Chapter 2:

It has been two days since I arrived on the Carpathia, and I am still in the infirmary. Jeff has been very kind and I appreciate his waiting on me hand and foot, but I would appreciate a little space. I need time to recollect my memories. There is a man next to me bundled up so tight that I can't see his face. And he keeps yelling promise me you'll never let go. I hope whoever he is talking about is okay. I say a silent prayer for him as Jeff brings in my lunch, consisting of tomato soup and a slice of rye bread.

"Do you know anything about the man in the bed next to me?" I questioned Jeff.

"To be honest, all we know about him is that he is a loud sleep talker!" he chuckled jokingly.

I laughed in reply, but I didn't find it funny at all. As the next few days passed my memory about the accident became clearer. I knew that I boarded the ship and I remember every single detail of my room, but most importantly I remember how much I was suffering during the fancy dinners and having to smell Cal's repulsive cologne. I despised Cal even without all of my memories I knew I despised him. Lord, I hope he went down with the ship! As Jeff walked back into the infirmary I asked about Cal and my mother he said they had survived and had gotten a deal to room in one of the vacant first class suites. I pleaded to Jeff that he couldn't utter a word of this to either of them. He said he wouldn't and I breathed a sigh of relief.
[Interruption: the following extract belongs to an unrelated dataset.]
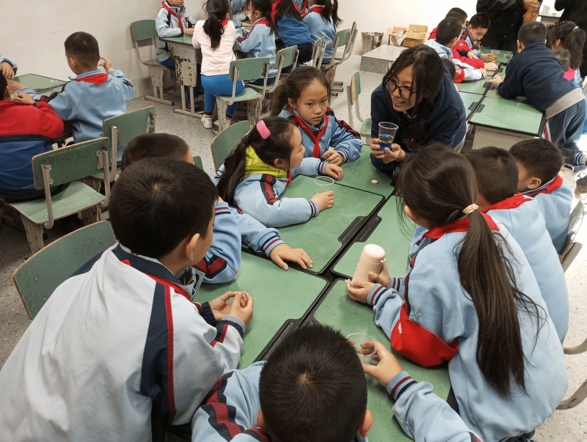 在第三周的火山爆发模拟实验中,志愿者们利用色素和泡腾片,在水油两层的液体中制造出了火山喷发的效果。这个实验不仅让小朋友们观察到了一个有趣的现象,还让他们学习了密度的概念,以及泡腾片为什么能够产生这样的现象的原理。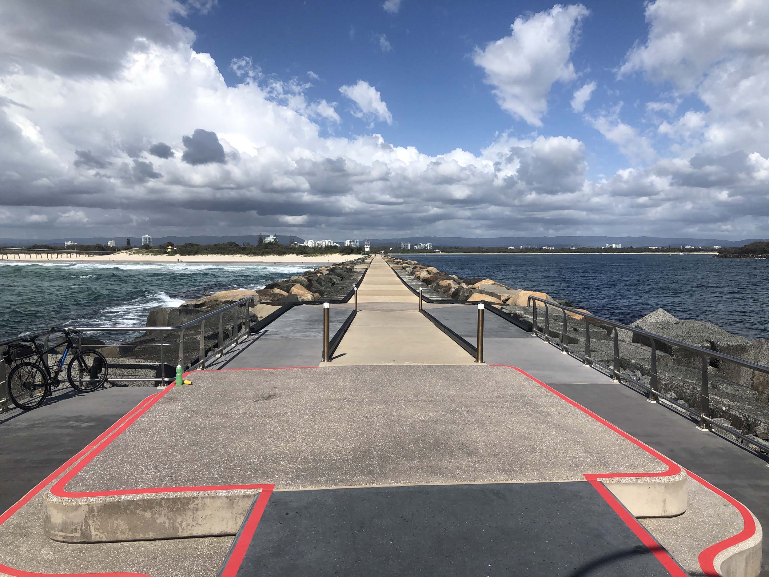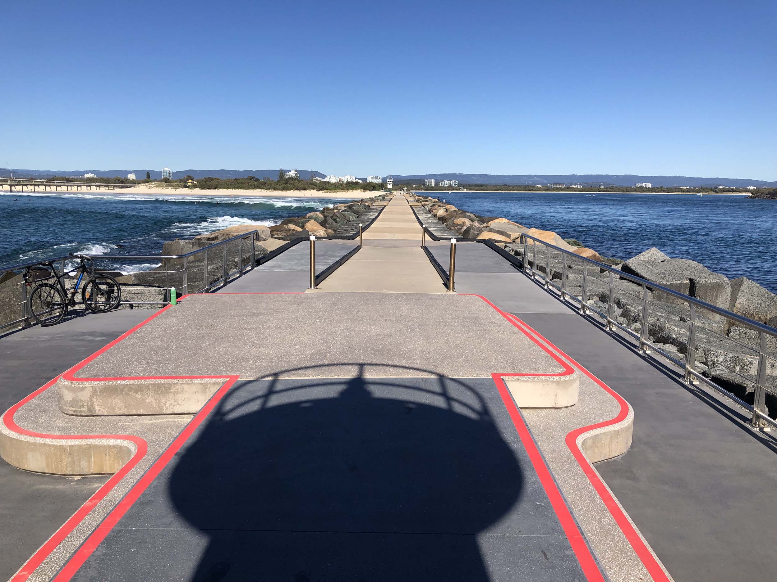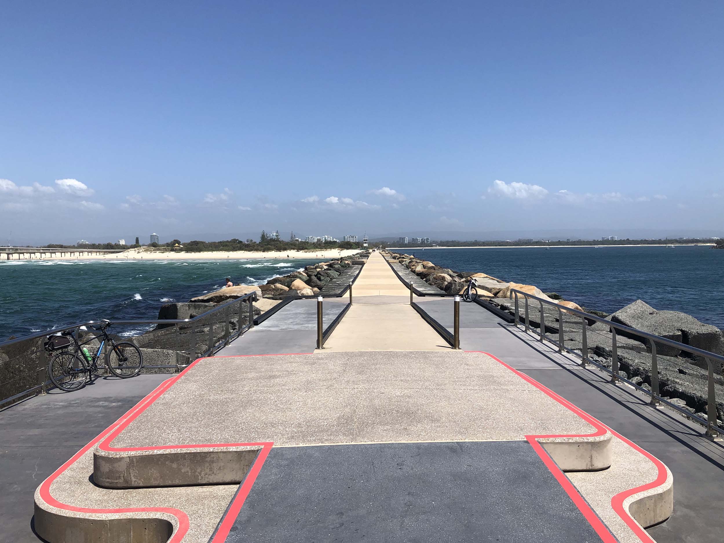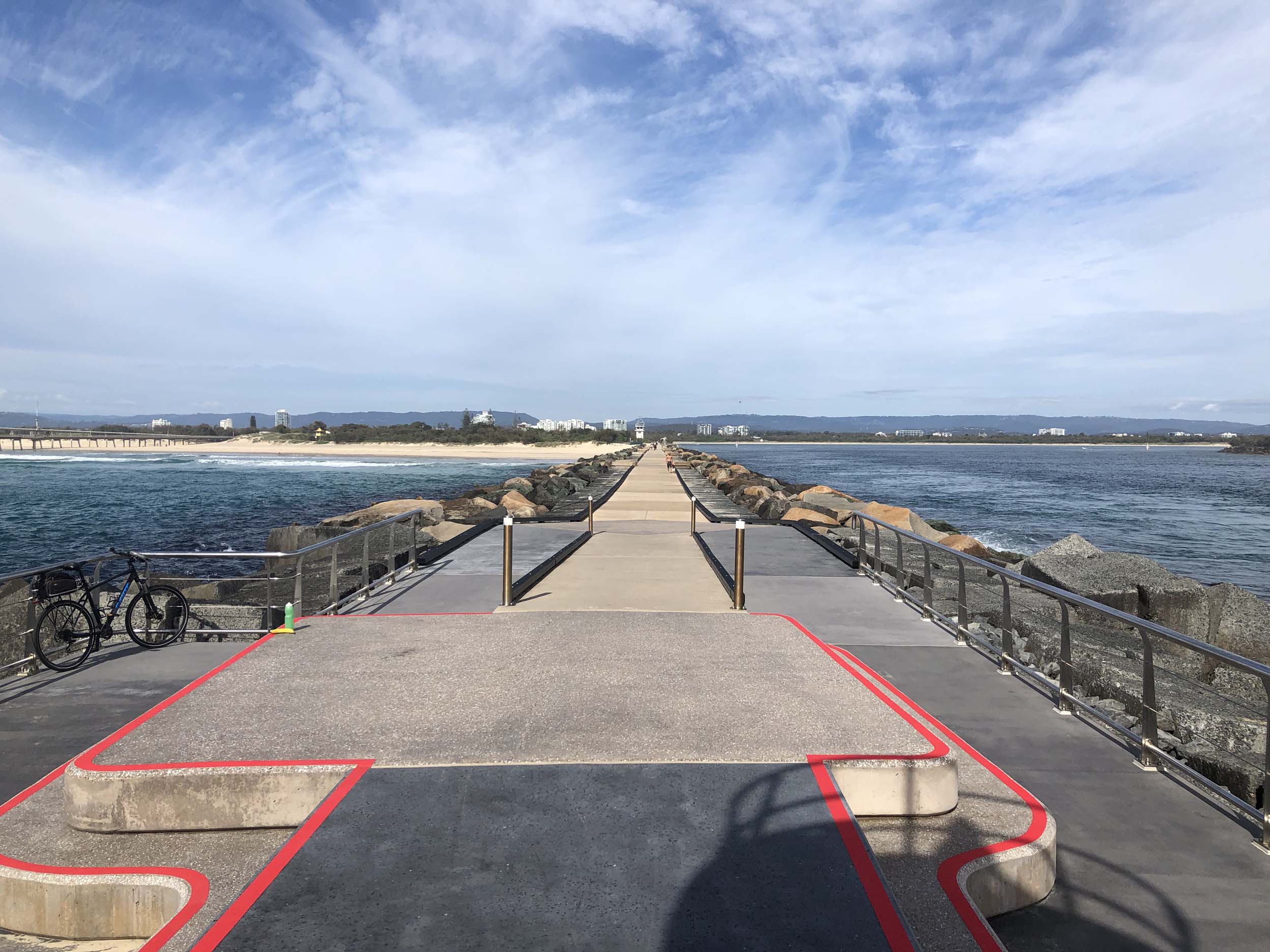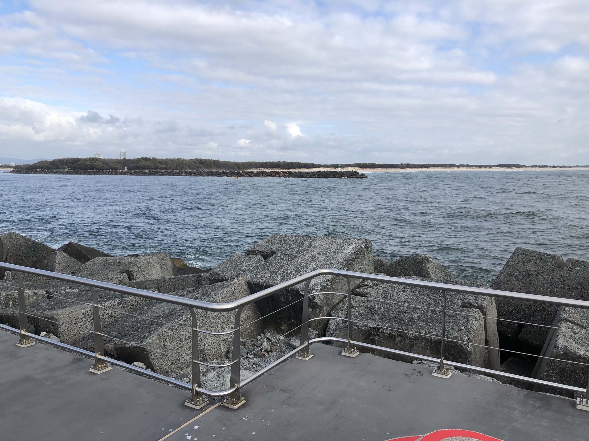 I continued to the Seaway via the Federation Walk. Rode to the tip of the Moondarewa Spit, then out to the tip of the Seawall/Spit. I noticed the Seaworld Resue boat motoring in the mouth of the Seaway but didn't appear to be doing anything. Noone was in the water etc. Then rode back to the tip of the Moondarewa Spit then back to the tip of the Seawall/Spit. Took a few photos at the end of both Spits, sat and ate my banana.

At midnight I awoke with a shudder, and realized it was just the unknown man yelling again, but this time it was different. He was calling my name. Surely he had just over heard Jeff say my name, but they way he said it was almost chilling. I started having a flash back, I was on the titanic hanging off the the edge of the bow when a young strapping man told me not to let go. As he was helping me down he introduced himself, but when he said it all that came out was the sound of people drowning. I wasn't able to sleep after that all I could do was try to think of his name. Peter Lawson? NO! John Watson? Definitely not! Jaaa…ckkk Daaaaaawson? Yes Jack Dawson, but why was his name so important? Why did it tug at my heart so?